Turkey regards the wearing of the Muslim headscarf as a political, pro-Islamic statement and has banned them in public institutions.

Merve Kavakci, a newly-elected woman Virtue Party deputy, re-ignited debate over the place Islam holds in Turkey when she wore the Muslim headscarf in parliament.

She and her party leader, Recai Kutan, have refused to back down.

Dividing the country

Announcing his resignation, Mr Menderes said both sides of the political and religious fence were using the issue to divide the country.

He said: "If I thought Virtue could take a fresh and wiser path I would have continued my job.

"The party does not share my concerns. This is a deep rooted difference of opinion."

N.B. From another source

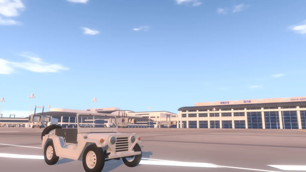 那覇空港が再現されたワールド。飛行機を飛ばせなくても、普段は入れない空港の中を車で走り回るだけでも楽しいです。(やまびこ)

Mr Menderes, the son of a former prime minister, was seen as a moderate voice in the Virtue Party.

Party faces investigation

[ image: Defiant: Merve Kavakci]
Defiant: Merve Kavakci
Prosecutors are examining whether Merve Kavakci's actions amount to incitement to racial or religious hatred.

The party was already facing allegations that it was a continuation of the banned Welfare Party, which was shut down at the beginning of last year for violating the country's secular principles.

Sources within the Virtue Party say they fear the authorities may now shut it down.

But party leader Recai Kutan was publicly brushing aside such worries.

He said: "Parties are opened or closed by people in democratic countries not by the judiciary. I do not think such a step [to ban the party] will be taken."

Facing flak

Angry MPs forced Merve Kavakci to leave the parliament building on Sunday before she could take her oath of office.

Since then the issue has dominated Turkey, with newspapers probing her past.

The mainstream media has launched personal attacks against the deputy.

Their reports say that in the past she has called for an Islamic holy war in Turkey and opposed Turkish plans to join the European Union because it is composed of mainly Christian nations.